Few sentences are harder to say out loud than “I don’t know”. It ranks right up there with “I owe you an apology” in the pantheon of phrases we’d rather avoid. And yet, not saying it when it matters creates something far worse for the person on the other end: frustration.

So the real question is — does our own discomfort really outweigh someone else’s frustration? Especially when we never even feel theirs?

Nobody really knows#

In our line of work, truly knowing something has become harder than ever. That might sound dramatic, but think about it. New technologies pop up every few months. The simplest binary you ship is the compiled result of dozens of dependencies you’ve never read. Systems are so distributed that a single request travels through a maze of services before it gets a response.

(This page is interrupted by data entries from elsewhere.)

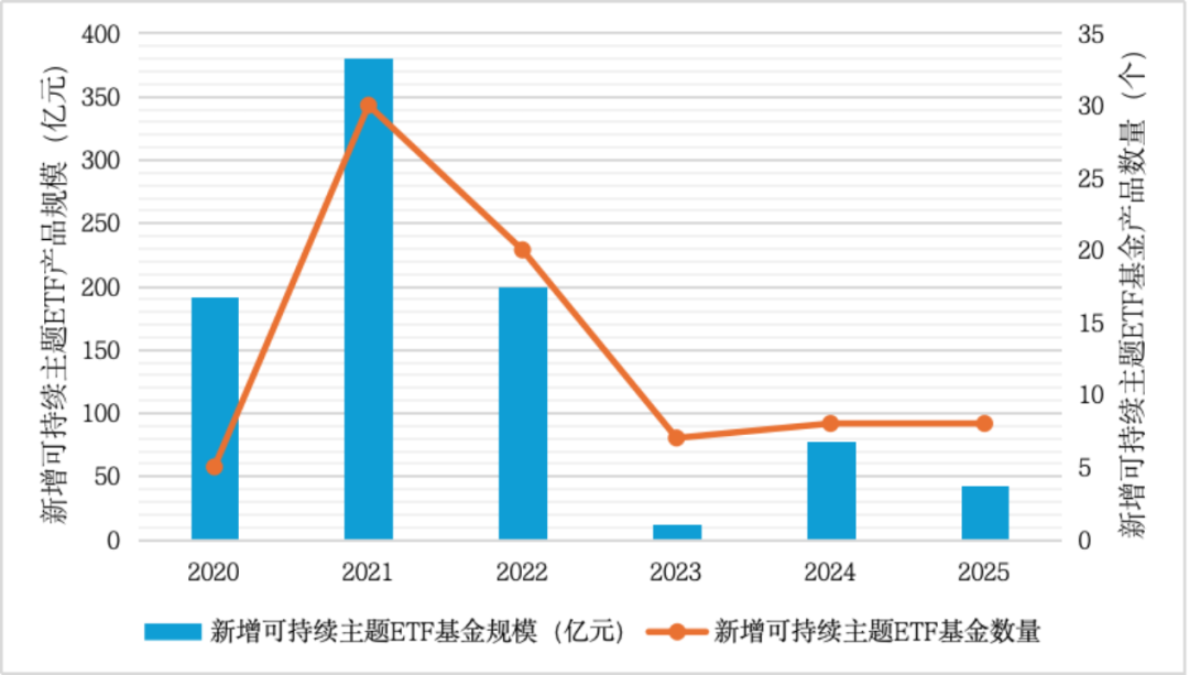 图2 中国可持续主题ETF产品市场趋势分析(2020年至2025年)
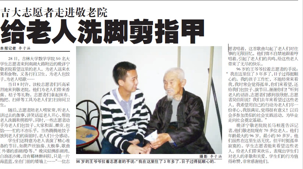 今天《长春晚报》报道香蕉视频 志愿者走进敬老院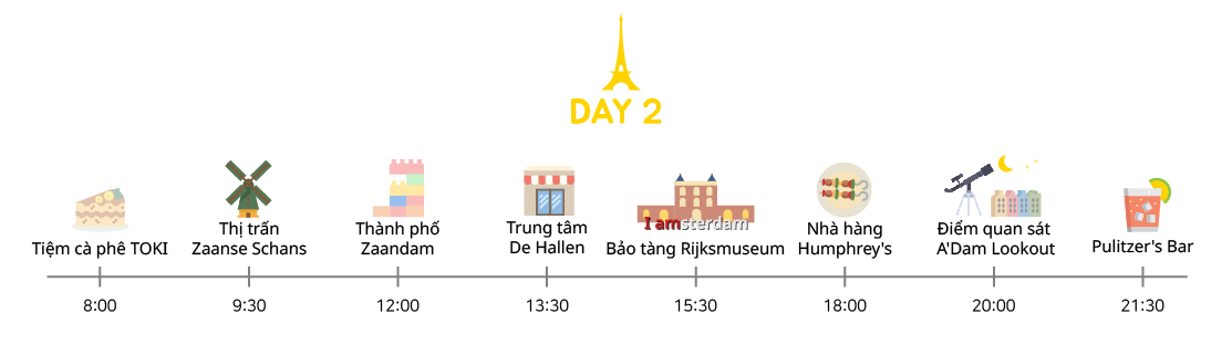 Một ngôi làng cối xay gió, cách Amsterdam 30 phút đi tàu. Bạn có thể đến đây bằng xe buýt hoặc tàu. Khi bạn đi xe buýt, sẽ mất nhiều thời gian hơn tàu nhưng bạn sẽ đến gần ngôi làng hơn, trong khi bạn phải đi bộ một chút từ ga xe lửa khi bạn đi tàu. Bạn có thể khám phá các bảo tàng cối xay gió và nhà máy sản xuất giày gỗ. Có một vài cửa hàng lưu niệm nơi bạn có thể mua những món quà lưu niệm dễ thương liên quan đến hoa tulip và giày gỗ. Khi bạn vào bảo tàng cối xay gió De Kat, bạn có thể đến rất gần cánh của cối xay gió. Nếu bạn có đủ thời gian, tốt nhất là bạn nên thuê một chiếc xe đạp để tham quan làng hoặc cũng có một tour du lịch bằng tàu thủy ở Zaanse Schans. Nếu bạn chỉ đơn giản là đi bộ tham quan mà không có bất kỳ hoạt động nào thì 2 giờ sẽ là khá đủ.
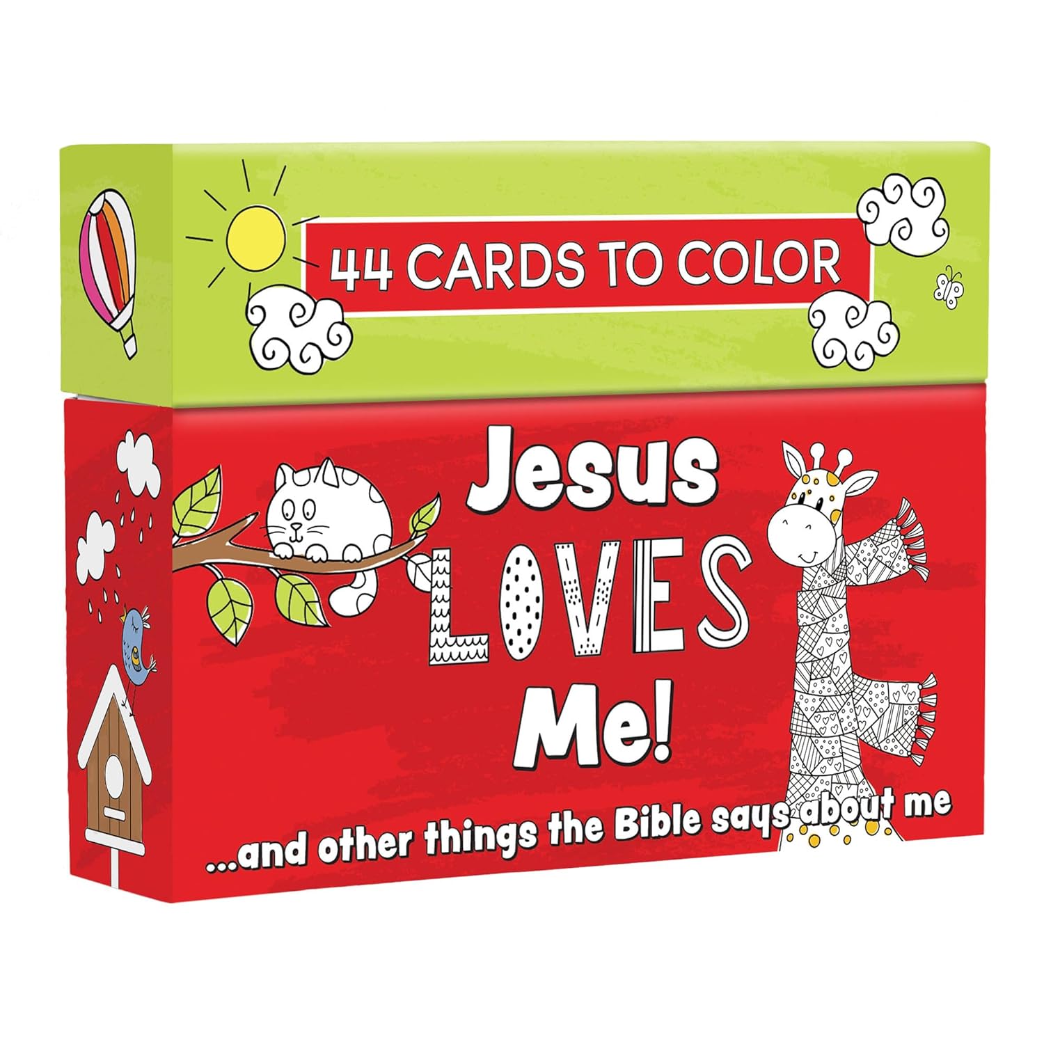 The box contains 44 cards made from heavy cardstock. Each card features a heartwarming, biblically based affirmation—showing children that they are loved, forgiven, saved, chosen, and strengthened by Jesus. These affirmations are supported by uplifting Scripture verses and paired with a fun line-art illustration, ready to be colored. The backs are intentionally left blank for children to add their own insights or drawings.
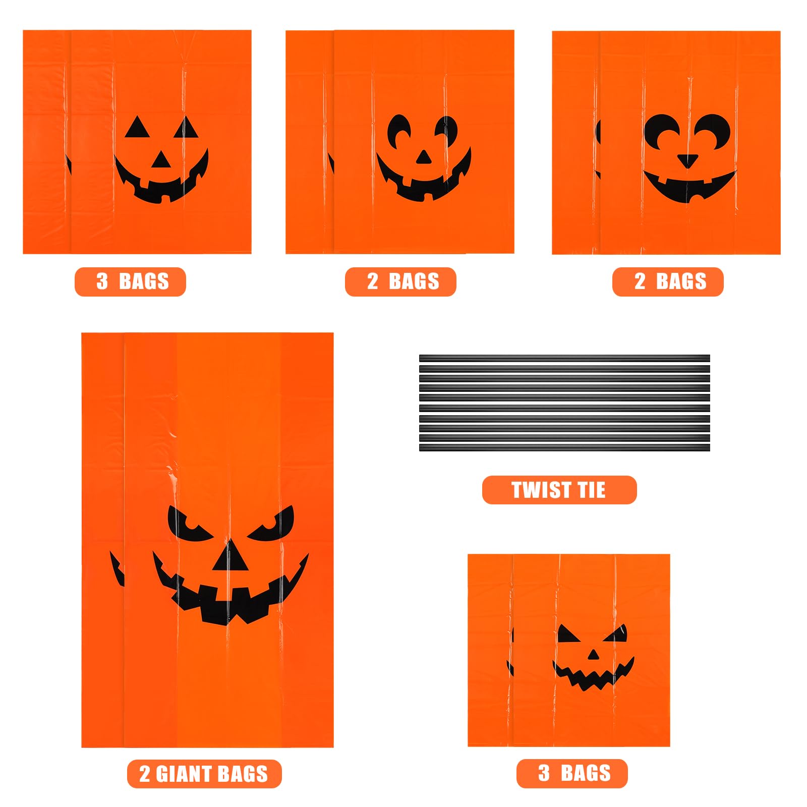 • 🎃【Super-value Halloween Pumpkin Lawn Bags】You will get 12 PCS Halloween plastic leaf bags with 5 unique designs, include 2pcs giant orange bags( 48” x 36”), 7pcs medium bags(30” x 24”), 3pcs small bags(22.5” x 18”). With printed different cut Halloween theme patterns, these Halloween lawn bags are ideal for fall Halloween lawn, garden, back yard decorations.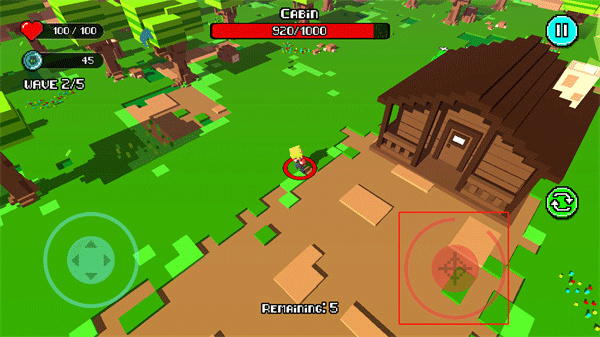3、通过滑动右下角的按钮来进行攻击,滑动的方向就是射击的方向。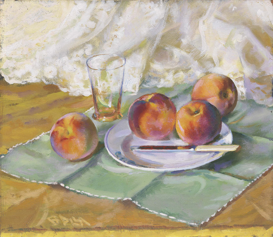 Giacomo Balla, Torino 1871 - Roma 1958, Pesche romane, 1950 ca., Olio su tavola, cm. 44x51,5, Firma in basso a sinistra: Balla; titolo e scritta al verso: Pesche / Romane / di Balla / [via] Oslavia 39 B / Roma: etichetta Ente Provinciale Turismo. Torino. Associazione Commercianti / L'Arte in Vetrina, con timbro II Mostra Nazionale L'Arte in Vetrina, Torino., Storia: Giacomo Balla, Roma (1952); Collezione privata, Roma; Collezione privata, Prato; Collezione privata, Certificato su foto di Elena Gigli, Roma, 14 aprile 2017, archivio Gigli serie 2017, n. 732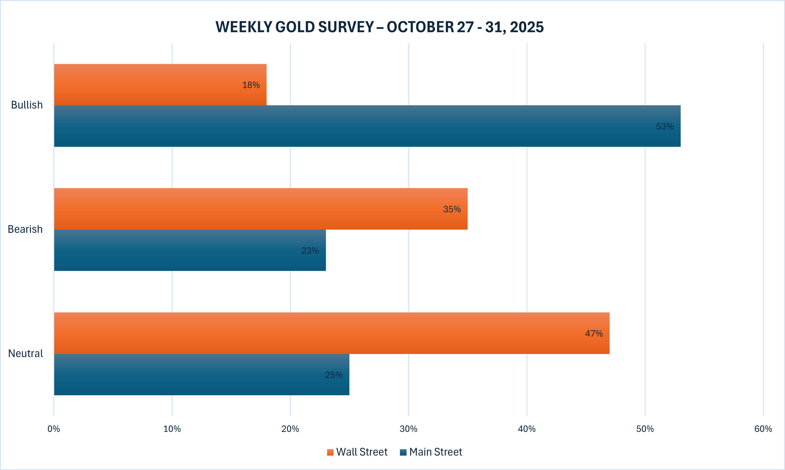 市场情绪逆转:华尔街转空 散户信心下滑Kitco最新黄金调查显示,大部分华尔街分析师已由此前的看多立场转向看空或中性,而散户投资者仍维持微弱的多头优势。
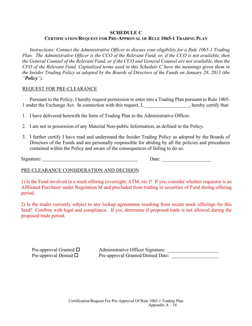 Certification/Request For Pre-Approval Of Rule 10b5-1 Trading Plan Appendix A – 16 SCHEDULE C CERTIFICATION/REQUEST FOR PRE-APPROVAL OF RULE 10B5-1 TRADING PLAN Instructions: Contact the Administrative Officer to discuss your eligibility for a Rule 10b5-1 Trading Plan. The Administrative Officer is the CCO of the Relevant Fund, or, if the CCO is not available, then the General Counsel of the Relevant Fund, or if the CCO and General Counsel are not available, then the CFO of the Relevant Fund. Capitalized terms used in this Schedule C have the meanings given them in the Insider Trading Policy as adopted by the Boards of Directors of the Funds on January 28, 2013 (the “Policy”). REQUEST FOR PRE-CLEARANCE Pursuant to the Policy, I hereby request permission to enter into a Trading Plan pursuant to Rule 10b5- 1 under the Exchange Act. In connection with this request, I, __________________, hereby certify that: 1. I have delivered herewith the form of Trading Plan to the Administrative Officer. 2. I am not in possession of any Material Non-public Information, as defined in the Policy. 3. I further certify I have read and understand the Insider Trading Policy as adopted by the Boards of Directors of the Funds and am personally responsible for abiding by all the policies and procedures contained within the Policy and aware of the consequences of failing to do so. Signature: Date: ____________________ PRE-CLEARANCE CONSIDERATION AND DECISION 1) Is the Fund involved in a stock offering (overnight, ATM, etc.)? If yes, consider whether requestor is an Affiliated Purchaser under Regulation M and precluded from trading in securities of Fund during offering period. 2) Is the trader currently subject to any lockup agreements resulting from recent stock offerings for this fund? Confirm with legal and compliance. If yes, determine if proposed trade is not allowed during the proposed trade period. Pre-approval Granted Pre-approval Denied Administrative Officer Signature: _____________________ Pre-approval Granted/Denied Date: ___________________

Outside your own narrow area of expertise, “I don’t know” is the norm. Knowing is the exception.

The cost of a random answer#

Now picture this: someone posts a question in a Slack channel or a forum. They’re stuck. They need help to move forward. You don’t really know the answer, but instead of staying quiet or admitting it, you throw something out there — an unverified guess, a half-remembered hunch, your best approximation of what the answer should be.

To the person asking, this looks like a light at the end of the tunnel. Finally, a lead. So they dig in. They follow your trail. But because the trail leads nowhere, they come up empty. Worse, they assume the problem is them. After all, someone told them the answer was right there, so if they can’t find it, they must be doing something wrong.

So they push harder. They double down. They waste hours chasing a ghost until they eventually give up.

If they’re thoughtful enough to reflect on what happened, they’ll never trust your input again. And regardless, they’ll walk away with nothing but frustration from the whole experience.

The value of silence#

On the flip side, saying nothing — or simply saying “I don’t know” — doesn’t give them anything, sure. But it doesn’t take anything away either. It saves them from that frustration spiral, and all it costs you is a small moment of discomfort.

Of course, there’s a whole spectrum of useful responses between silence and a wild guess. You can suggest a direction to explore, point to where you’d start looking, or describe how you’d approach the problem yourself. All of that is valuable — as long as it’s honest. The key is removing ambiguity. If you offer a lead, make it clear that it’s just that — a lead. Let the other person know that if it doesn’t pan out quickly, they should drop it without second-guessing themselves.

That kind of honesty does two things: it respects their time, and it gives them a real choice.

Speak less, be heard more#

Wanting to help is admirable. Wanting to be the person who always has an answer is understandable. But doing so at the cost of someone else’s time and sanity isn’t helping — it’s performing.

All of this, just because we couldn’t accept the small discomfort of three little words.

Try saying “I don’t know” as often as the situation calls for it. And the more you say it, the less it stings. You might be surprised by what happens next: when you do speak, people will stop what they’re doing and listen — because they’ll know that when you talk, it actually means something.